Obtain a litre and a half of vegetable oil – sunflower for preference. Pour oil into heavy saucepan and commence heating. Peel and slice potatoes into appropriate shapes; place shapes in frying basket; lower basket into boiling oil. Wait. In due course remove frying basket; tip cooked chips on to kitchen towelling or newspaper to remove grease; add salt and malt vinegar to taste. The end.
I return to the subject of chips, and gladly. Given that the chip is the veritable substratum of British cuisine, the sprung floor upon which all our other dishes promenade and pirouette, it seems only fitting that this column – dedicated as it is to the grittiest of gastronomy – should consider them on a regular basis. Above is my own “recipe” for chips, which is one of the things I cook at home fairly frequently – so often, indeed, that they’ve acquired their own sobriquet: “Dad’s Chips”. We live a hop, a skip and a waddle away from Rohan Palmer’s chip chop (see Real Meals passim), so there’s no requirement for home-cooking, yet while his chips are absolutely fine the pleasing consensus is that Dad’s Chips are just a little bit better. Indeed, such claims as patriarchy have in this household are wholly embodied in these starchy little phalluses – all else is healthy, low-fat gynarchy.
As it is to Self Family, so it is to the wider world. “Dad’s Chips” are a throwback to a simpler, happier world; one in which men wore hobnailed boots and went down t’pit or t’mill while the womenfolk stayed at home beating carpets and blacking grates. In the monstrous realm of mediatised commoditisation that is the reality of British restaurant eating, the chip has come to play a crucial role: as we’ve just had Easter, perhaps the best way of conceptualising this is to imagine two giant chips, one implanted in the earth of Golgotha, the other forming a crossbar crudely affixed to the first with congealed tomato ketchup. On this chipifix is crucified the pukkah form of Our Saviour, Jamie Oliver, who died for our dietary sins.
Except He hasn’t really died – He’s been resurrected, in common with other celebrity burger-flippers; and the chip, rather than being reviled as an evil repository of unsaturated, satanic fats, has been taken up as the symbol of sacred edibleness. I had been aware (who couldn’t be?) of the “new chips”: the humble potato repurposed for gastronomy in the form of shoestring fries, thick-cut chips, rosemary chips, sweet potato chips, crinkle-cut fries, etc; yet it wasn’t until I had supper at the Everyman Bistro in Liverpool in October last year that full horror of the “new chips” impinged.
I was supping with a group of inoffensive academics from the University of Liverpool after an event we’d done in the crypt of the nearby cathedral (the one that looks like a cruet, not the upended-yoghurt-pot one), and in keeping with the Everyman Theatre’s tradition of radical socialist experimentation the Bistro had a vaguely utilitarian feel: long, wooden-topped tables, low spotlights and open kitchen area.

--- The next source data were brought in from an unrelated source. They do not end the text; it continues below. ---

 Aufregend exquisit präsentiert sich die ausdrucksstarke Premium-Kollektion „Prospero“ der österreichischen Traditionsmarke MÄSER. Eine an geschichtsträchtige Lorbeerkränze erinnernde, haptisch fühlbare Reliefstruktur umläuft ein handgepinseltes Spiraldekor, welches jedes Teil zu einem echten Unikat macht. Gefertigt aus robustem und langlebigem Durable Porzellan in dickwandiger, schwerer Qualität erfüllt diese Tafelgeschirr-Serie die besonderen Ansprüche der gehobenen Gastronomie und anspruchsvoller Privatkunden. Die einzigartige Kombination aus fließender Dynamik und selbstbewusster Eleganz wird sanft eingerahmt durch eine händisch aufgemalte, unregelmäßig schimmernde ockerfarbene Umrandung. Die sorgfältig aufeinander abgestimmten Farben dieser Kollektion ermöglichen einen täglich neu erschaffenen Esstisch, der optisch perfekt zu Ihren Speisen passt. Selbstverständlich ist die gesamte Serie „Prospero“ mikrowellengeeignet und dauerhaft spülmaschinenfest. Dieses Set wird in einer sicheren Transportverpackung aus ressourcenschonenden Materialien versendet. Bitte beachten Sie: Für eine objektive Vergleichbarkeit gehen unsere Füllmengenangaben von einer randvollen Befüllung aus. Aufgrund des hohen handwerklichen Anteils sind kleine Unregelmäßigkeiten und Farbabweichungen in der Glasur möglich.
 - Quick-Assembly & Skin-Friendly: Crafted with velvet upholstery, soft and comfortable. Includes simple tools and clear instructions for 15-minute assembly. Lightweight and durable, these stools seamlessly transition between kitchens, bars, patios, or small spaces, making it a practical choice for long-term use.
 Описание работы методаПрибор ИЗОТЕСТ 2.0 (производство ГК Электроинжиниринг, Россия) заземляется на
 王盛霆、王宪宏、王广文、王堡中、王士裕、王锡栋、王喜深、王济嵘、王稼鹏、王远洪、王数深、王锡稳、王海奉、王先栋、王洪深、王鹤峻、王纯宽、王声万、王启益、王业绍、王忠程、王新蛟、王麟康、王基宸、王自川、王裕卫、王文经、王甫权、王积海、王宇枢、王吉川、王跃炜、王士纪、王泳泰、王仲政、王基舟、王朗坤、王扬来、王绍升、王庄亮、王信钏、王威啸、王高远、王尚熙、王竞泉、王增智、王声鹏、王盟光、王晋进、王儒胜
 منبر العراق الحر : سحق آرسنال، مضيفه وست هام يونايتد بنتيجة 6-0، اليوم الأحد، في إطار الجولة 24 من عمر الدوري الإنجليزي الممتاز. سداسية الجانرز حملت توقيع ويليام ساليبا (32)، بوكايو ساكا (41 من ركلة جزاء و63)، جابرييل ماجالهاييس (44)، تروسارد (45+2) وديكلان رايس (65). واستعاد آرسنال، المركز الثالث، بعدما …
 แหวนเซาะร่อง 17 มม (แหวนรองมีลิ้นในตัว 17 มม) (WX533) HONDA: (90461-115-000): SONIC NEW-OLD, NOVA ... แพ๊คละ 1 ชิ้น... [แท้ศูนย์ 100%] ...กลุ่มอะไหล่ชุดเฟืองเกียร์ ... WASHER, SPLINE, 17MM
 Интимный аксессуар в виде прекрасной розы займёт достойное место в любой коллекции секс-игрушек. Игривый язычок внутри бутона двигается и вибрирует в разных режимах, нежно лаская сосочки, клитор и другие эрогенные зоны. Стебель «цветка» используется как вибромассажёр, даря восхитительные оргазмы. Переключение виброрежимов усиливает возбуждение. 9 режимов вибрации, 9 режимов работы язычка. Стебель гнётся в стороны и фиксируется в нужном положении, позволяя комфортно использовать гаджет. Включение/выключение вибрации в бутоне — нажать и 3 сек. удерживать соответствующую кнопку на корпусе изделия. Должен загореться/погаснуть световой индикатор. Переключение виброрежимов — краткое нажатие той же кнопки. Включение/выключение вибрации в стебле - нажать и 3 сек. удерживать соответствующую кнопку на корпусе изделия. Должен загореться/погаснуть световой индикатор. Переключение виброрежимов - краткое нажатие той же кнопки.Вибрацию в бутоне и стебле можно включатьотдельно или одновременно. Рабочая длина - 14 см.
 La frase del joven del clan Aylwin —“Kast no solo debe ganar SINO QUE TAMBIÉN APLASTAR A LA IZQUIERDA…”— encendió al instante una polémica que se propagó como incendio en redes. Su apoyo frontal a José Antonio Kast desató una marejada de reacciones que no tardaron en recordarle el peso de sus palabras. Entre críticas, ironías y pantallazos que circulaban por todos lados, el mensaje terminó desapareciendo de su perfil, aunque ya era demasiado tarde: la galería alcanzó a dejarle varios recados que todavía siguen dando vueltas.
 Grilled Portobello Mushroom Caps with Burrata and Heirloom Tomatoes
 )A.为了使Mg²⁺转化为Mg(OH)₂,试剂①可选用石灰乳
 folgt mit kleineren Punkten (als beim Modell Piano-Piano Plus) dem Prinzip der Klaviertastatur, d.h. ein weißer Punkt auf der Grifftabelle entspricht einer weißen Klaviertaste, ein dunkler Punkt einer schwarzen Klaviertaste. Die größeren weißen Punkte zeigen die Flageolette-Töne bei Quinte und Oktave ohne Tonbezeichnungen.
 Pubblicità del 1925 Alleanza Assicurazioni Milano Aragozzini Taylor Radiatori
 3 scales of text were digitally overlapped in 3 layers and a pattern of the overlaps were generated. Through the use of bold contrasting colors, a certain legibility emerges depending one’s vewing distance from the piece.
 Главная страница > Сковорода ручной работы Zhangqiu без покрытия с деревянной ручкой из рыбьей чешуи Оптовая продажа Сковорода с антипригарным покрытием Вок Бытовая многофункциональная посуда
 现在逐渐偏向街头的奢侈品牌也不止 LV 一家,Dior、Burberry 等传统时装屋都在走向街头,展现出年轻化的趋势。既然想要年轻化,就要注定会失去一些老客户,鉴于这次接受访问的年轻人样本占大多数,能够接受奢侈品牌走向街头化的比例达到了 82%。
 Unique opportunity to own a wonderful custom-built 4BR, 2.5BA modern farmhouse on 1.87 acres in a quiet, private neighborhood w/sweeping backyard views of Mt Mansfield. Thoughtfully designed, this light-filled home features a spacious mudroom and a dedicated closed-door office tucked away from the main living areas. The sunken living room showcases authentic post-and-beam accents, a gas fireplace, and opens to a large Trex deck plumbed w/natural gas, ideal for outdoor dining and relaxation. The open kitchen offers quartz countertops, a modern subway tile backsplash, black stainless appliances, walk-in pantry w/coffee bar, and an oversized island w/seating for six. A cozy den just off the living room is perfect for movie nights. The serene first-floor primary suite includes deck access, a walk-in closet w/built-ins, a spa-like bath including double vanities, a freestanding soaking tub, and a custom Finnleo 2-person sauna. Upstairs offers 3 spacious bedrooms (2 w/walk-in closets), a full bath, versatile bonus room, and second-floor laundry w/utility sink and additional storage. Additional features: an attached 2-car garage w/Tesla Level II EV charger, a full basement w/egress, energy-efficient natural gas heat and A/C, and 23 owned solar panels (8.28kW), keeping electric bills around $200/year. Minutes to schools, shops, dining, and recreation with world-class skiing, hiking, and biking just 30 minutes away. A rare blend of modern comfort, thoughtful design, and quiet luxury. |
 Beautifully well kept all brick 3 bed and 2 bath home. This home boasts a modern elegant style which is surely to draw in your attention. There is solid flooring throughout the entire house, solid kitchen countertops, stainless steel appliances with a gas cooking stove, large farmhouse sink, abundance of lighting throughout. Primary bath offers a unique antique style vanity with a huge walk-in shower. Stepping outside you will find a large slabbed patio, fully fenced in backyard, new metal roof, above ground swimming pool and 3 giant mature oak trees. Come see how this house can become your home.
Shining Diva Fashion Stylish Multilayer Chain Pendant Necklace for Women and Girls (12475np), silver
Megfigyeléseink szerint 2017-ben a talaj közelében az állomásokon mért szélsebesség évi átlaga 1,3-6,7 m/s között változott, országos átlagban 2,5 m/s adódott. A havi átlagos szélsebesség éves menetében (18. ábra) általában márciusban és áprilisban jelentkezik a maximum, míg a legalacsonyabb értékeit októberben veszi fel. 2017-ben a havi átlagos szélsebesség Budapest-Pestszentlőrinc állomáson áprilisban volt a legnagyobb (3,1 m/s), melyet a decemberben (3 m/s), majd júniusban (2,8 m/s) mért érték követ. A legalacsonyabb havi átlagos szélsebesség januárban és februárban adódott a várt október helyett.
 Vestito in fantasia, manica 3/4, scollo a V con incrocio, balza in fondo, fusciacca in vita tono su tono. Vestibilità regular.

The food, when eventually it arrived, was served either on wooden platters or in large and chunky crockery – deep bowls, or plates with extra-wide rims.
These deceptive vessels deserve a column of their own, for their disproportion is an unconsciously cultivated effect, rendering the food they contain out-of-scale and slightly unreal. In our bistros and fancy burger joints, our brasseries and diners, we are no longer presented with food itself, but only with three-dimensional images of food.
Such is the influence of television cookery programmes and online recipes on our food culture, that the epistemic value of a mere potato is far lower than that of artfully photographed outsize chips. At the Everyman Bistro, observing the bowl that had been deposited in front of me, I struck the board and cried, “No more!” Then I picked up one of the chips and waggled it in the faces of my fellow diners. “This isn’t a chip,” I admonished them: “it is a pseudopod of the Spectacle, and by putting it in your mouth you are initiating a form of phagocytosis, in which you yourself are the foreign body that’s to be absorbed.”
Needless to say, they looked pretty fazed; but I soon put them further into their misery. The chip, I explained – which was fully six inches long and a half-inch through – had been cut monstrously large in order to enhance its aura of workmanlike authenticity, then placed in a big bowl so as to hide this trompe l’oeil. Yet it is only at the point at which hand lifts chip to mouth that the diner feels himself to be hefting the gustatory equivalent of a pit prop. And so, as he bites into it, he indulges in a fantasy of full employment, universal social housing and increasing equality of wealth.
Of course, once the chips are all gone this happy, socialistic reverie also dispels: all that is left are bowls smeared bloodily red and a fat bill. Big and fancy chips are like museums of industrial heritage – they fool us into forgetting for a short while the automated world of hyper-consumption we truly inhabit. Since last October I’ve been keeping a list of fancy chip prices. The most expensive portion to date has been £4.95 at a burger joint just off Carnaby Street, a 2,000 per cent mark-up on Dad’s Chips.
Ah well, you pays your money and you chooses your patriarchy.